- What needs to be done: All of the lines below are to be transcribed faithfully, with pictures excluded from the copy.

- Data to examine:
=======

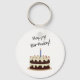Una cadena de claves Feliz Cumpleaños con un pastel de chocolate y vainilla.
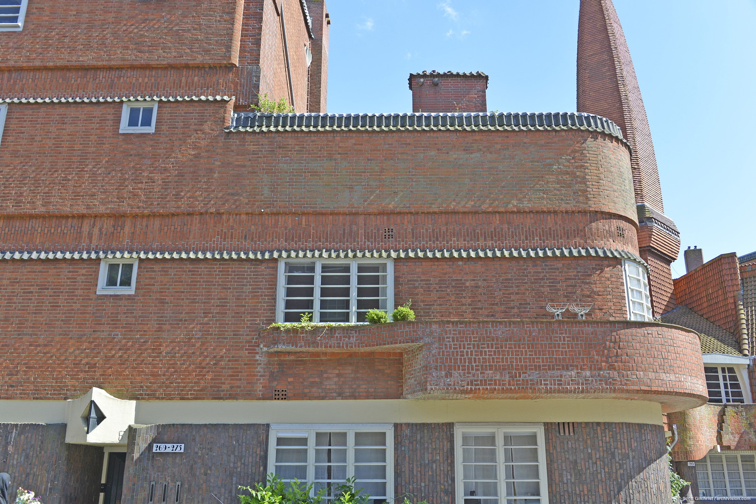 Hembrugstraat facade, northeast corner where it drops to two floors around the school courtyard; This five-storey building with 102 dwellings, a post office (2 storeys), a meeting hall for residents and the annexed school is the best example of what was termed a "worker's palace" in Amsterdam. There are 18 different floor plans for the units. In 1917 the housing association Eigen Haard commissioned de Klerk again for a block in the Spaarndammerbuurt neighborhood. A few years earlier a school had been built near the triangular site on Oostzannstraat and de Klerk was required to include it in the plan. At the apex of the triangle is the post office, resembling a huge piece of sculpture. De Klerk also designed the interior of the post office; the counters, seats and even telephone booth. At the center of the triangular block are private gardens and the school playground. It is not by chance that all the formal comparisons for the building, ranging from ship to locomotive, suggest, together with associations with movement and power, an organic entity with identifiable components. Today the Museum Het Schip is housed in the post office, with an extension in the school. Source: Casciato, Maristella, ed.; The Amsterdam School, Rotterdam: 010 Publishers, 1996 (9064502463) (accessed 6/10/2014)
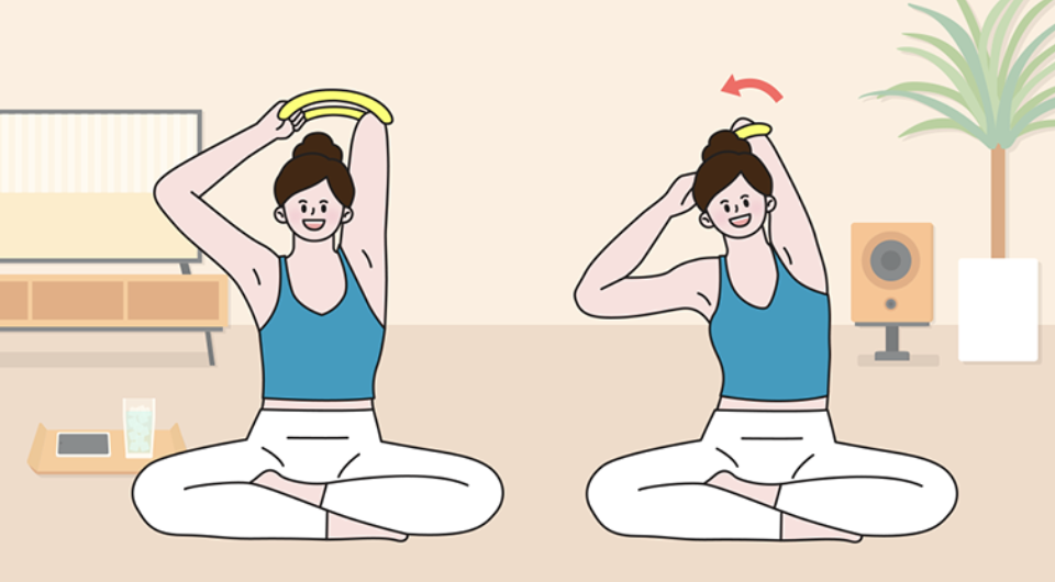 1) 의자 혹은 바닥에 바르게 앉은 후 팔꿈치를 들어 머리 뒤로 넘긴 후 요가링을 팔꿈치에 끼워줍니다.
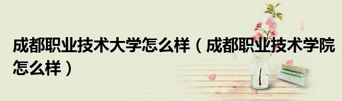 关于成都职业技术大学怎么样,成都职业技术学院怎么样这个很多人还不知道,今天菲菲来为大家解答以上的问题,现在让我们一起来看看吧!
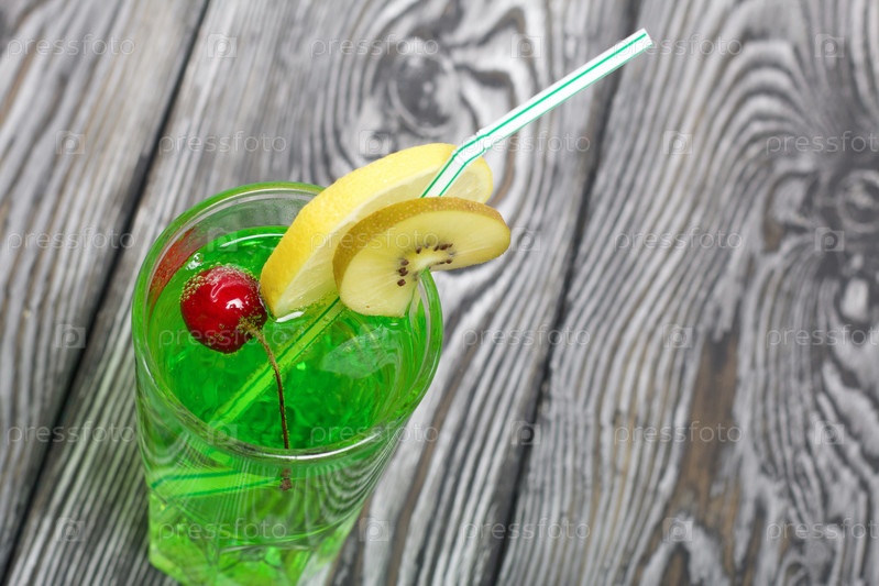 Зеленый лимонад в стакане. В нем плавает вишня. Украшен ломтиком лимона. С соломинкой для коктейля
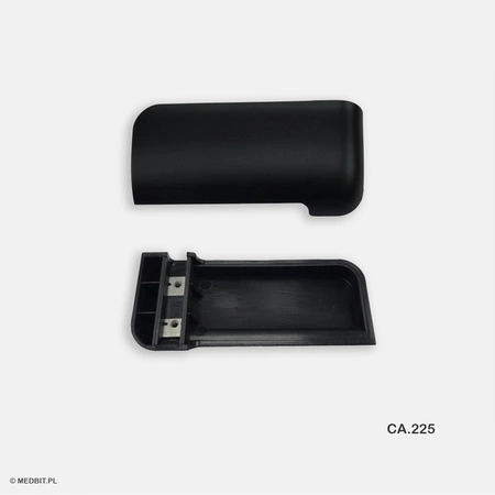 Klamka mocowana jest za pomocą dwóch śrub, co gwarantuje stabilne i pewne połączenie z drzwiami autoklawu. Jej ergonomiczny kształt zapewnia wygodny chwyt i łatwą obsługę. Czarny kolor klamki nadaje jej estetyczny wygląd, pasujący do większości modeli autoklawów.
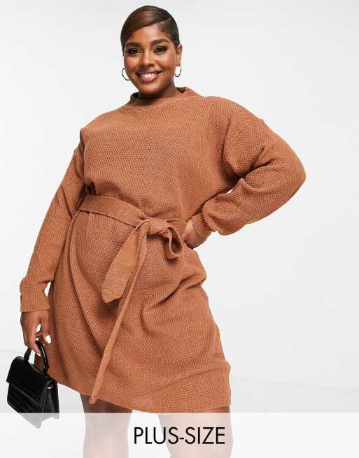 Glamorous Curve – Brun, kort tröjklänning med lång ärm och knytning i midjan
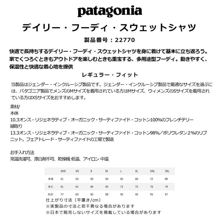 patagonia デイリー・フーディ・スウェットシャツ 22770 レギュラーフィット 長袖 オーガニックコットン ユニセックス ロゴ パーカー パタゴニア 正規品
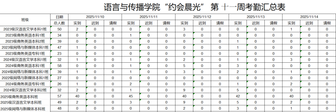 学风建设第1线|第11周卫生考勤情况通报汇总表
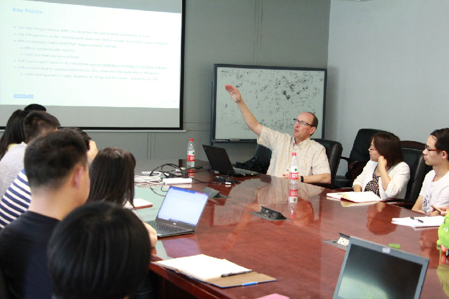 Yarwood博士主要介绍了路径积分法(PIM)的原理和应用。Yarwood博士提出,PIM可以确定各个来源的贡献,专注于与排放控制策略相关的“人为增量”。PIM补充了CAMx OSAT / PSAT“标记物种”方法,在数学上是严格的。将CAMx模型应用于臭氧的PIM“控制路径”,证明了非线性系统中源的贡献不是唯一的,PIM适用于气态污染物(臭氧、二氧化氮、醛类)和PM物种。讲座结束后,Greg Yarwood博士与到场的师生进行了深入的沟通与交流。
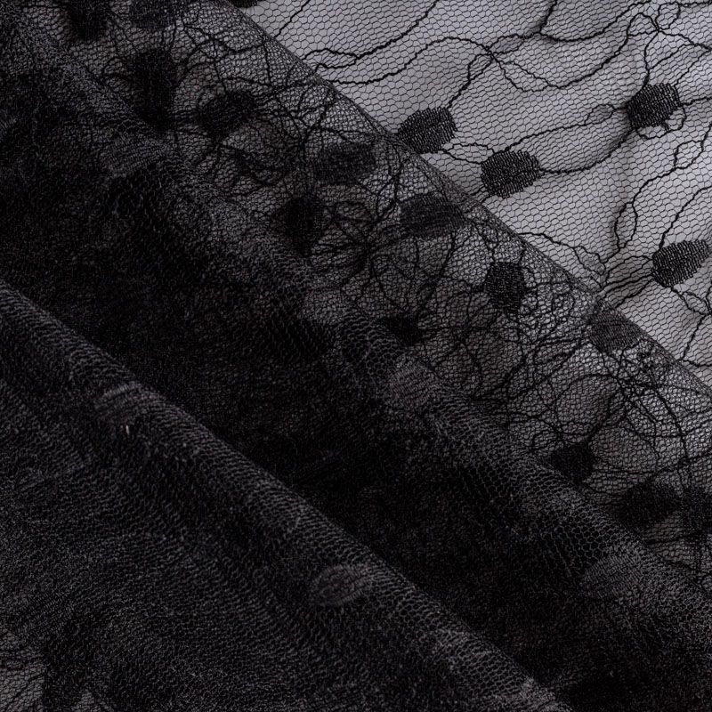 Тонкое, нежное, мягкое и прозрачное полотно, состоящее из мелких ячеек, на которых нанесен рельефный плетеный растительный принт.  Красиво драпируется, тянется, применяется для декорирования деталей одежды, например, рукавов изделия, для пошива нарядной и повседневной одежды: топов, блузок, пышных юбок и платьев.
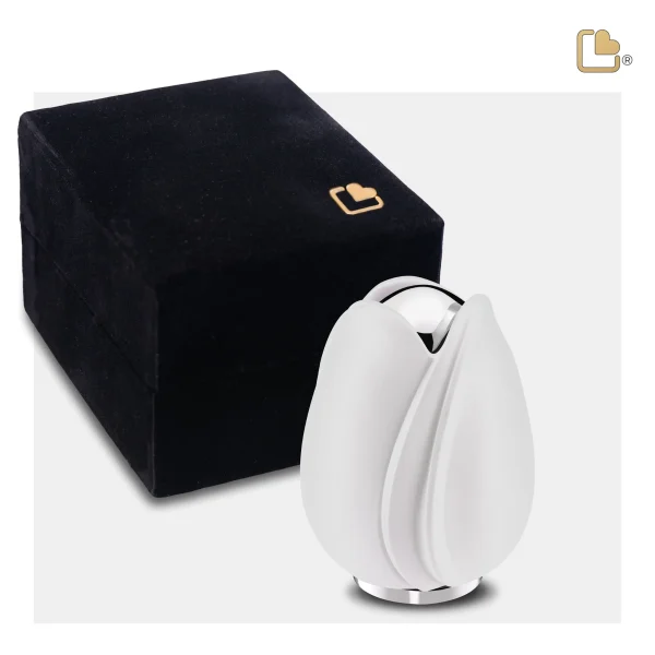 Met zijn tijdloze ontwerp en symbolische betekenis, is de LoveUrns Tulip™ softcoat mini-urn witte tulp een prachtige keuze voor het bewaren van de herinnering aan een geliefde, en een blijvend symbool van liefde en verbondenheid.
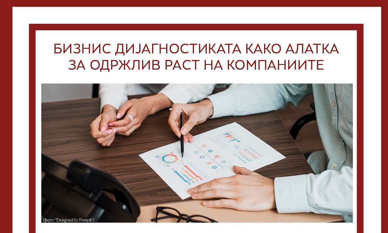И. Аврамска Пашовска: Бизнис дијагностиката е професионална услуга за темелна проценка на финансиските, на организациските и на оперативните параметри на компанијата. Таа овозможува анализа на профитабилност, на ликвидност, на структура на трошоци и на капитал, на ризици, на пазар и на конкуренција, како и анализа на продуктивноста. Резултатот е тродимензионална слика за реалната состојба, за скриените слабости и за можностите за усовршување, реструктурирање или раст.

=======

- Exercise result:
Una cadena de claves Feliz Cumpleaños con un pastel de chocolate y vainilla.
 Hembrugstraat facade, northeast corner where it drops to two floors around the school courtyard; This five-storey building with 102 dwellings, a post office (2 storeys), a meeting hall for residents and the annexed school is the best example of what was termed a "worker's palace" in Amsterdam. There are 18 different floor plans for the units. In 1917 the housing association Eigen Haard commissioned de Klerk again for a block in the Spaarndammerbuurt neighborhood. A few years earlier a school had been built near the triangular site on Oostzannstraat and de Klerk was required to include it in the plan. At the apex of the triangle is the post office, resembling a huge piece of sculpture. De Klerk also designed the interior of the post office; the counters, seats and even telephone booth. At the center of the triangular block are private gardens and the school playground. It is not by chance that all the formal comparisons for the building, ranging from ship to locomotive, suggest, together with associations with movement and power, an organic entity with identifiable components. Today the Museum Het Schip is housed in the post office, with an extension in the school. Source: Casciato, Maristella, ed.; The Amsterdam School, Rotterdam: 010 Publishers, 1996 (9064502463) (accessed 6/10/2014)
 1) 의자 혹은 바닥에 바르게 앉은 후 팔꿈치를 들어 머리 뒤로 넘긴 후 요가링을 팔꿈치에 끼워줍니다.
 关于成都职业技术大学怎么样,成都职业技术学院怎么样这个很多人还不知道,今天菲菲来为大家解答以上的问题,现在让我们一起来看看吧!
 Зеленый лимонад в стакане. В нем плавает вишня. Украшен ломтиком лимона. С соломинкой для коктейля
 Klamka mocowana jest za pomocą dwóch śrub, co gwarantuje stabilne i pewne połączenie z drzwiami autoklawu. Jej ergonomiczny kształt zapewnia wygodny chwyt i łatwą obsługę. Czarny kolor klamki nadaje jej estetyczny wygląd, pasujący do większości modeli autoklawów.
 Glamorous Curve – Brun, kort tröjklänning med lång ärm och knytning i midjan
 patagonia デイリー・フーディ・スウェットシャツ 22770 レギュラーフィット 長袖 オーガニックコットン ユニセックス ロゴ パーカー パタゴニア 正規品
 学风建设第1线|第11周卫生考勤情况通报汇总表
 Yarwood博士主要介绍了路径积分法(PIM)的原理和应用。Yarwood博士提出,PIM可以确定各个来源的贡献,专注于与排放控制策略相关的“人为增量”。PIM补充了CAMx OSAT / PSAT“标记物种”方法,在数学上是严格的。将CAMx模型应用于臭氧的PIM“控制路径”,证明了非线性系统中源的贡献不是唯一的,PIM适用于气态污染物(臭氧、二氧化氮、醛类)和PM物种。讲座结束后,Greg Yarwood博士与到场的师生进行了深入的沟通与交流。
 Тонкое, нежное, мягкое и прозрачное полотно, состоящее из мелких ячеек, на которых нанесен рельефный плетеный растительный принт.  Красиво драпируется, тянется, применяется для декорирования деталей одежды, например, рукавов изделия, для пошива нарядной и повседневной одежды: топов, блузок, пышных юбок и платьев.
 Met zijn tijdloze ontwerp en symbolische betekenis, is de LoveUrns Tulip™ softcoat mini-urn witte tulp een prachtige keuze voor het bewaren van de herinnering aan een geliefde, en een blijvend symbool van liefde en verbondenheid.
И. Аврамска Пашовска: Бизнис дијагностиката е професионална услуга за темелна проценка на финансиските, на организациските и на оперативните параметри на компанијата. Таа овозможува анализа на профитабилност, на ликвидност, на структура на трошоци и на капитал, на ризици, на пазар и на конкуренција, како и анализа на продуктивноста. Резултатот е тродимензионална слика за реалната состојба, за скриените слабости и за можностите за усовршување, реструктурирање или раст.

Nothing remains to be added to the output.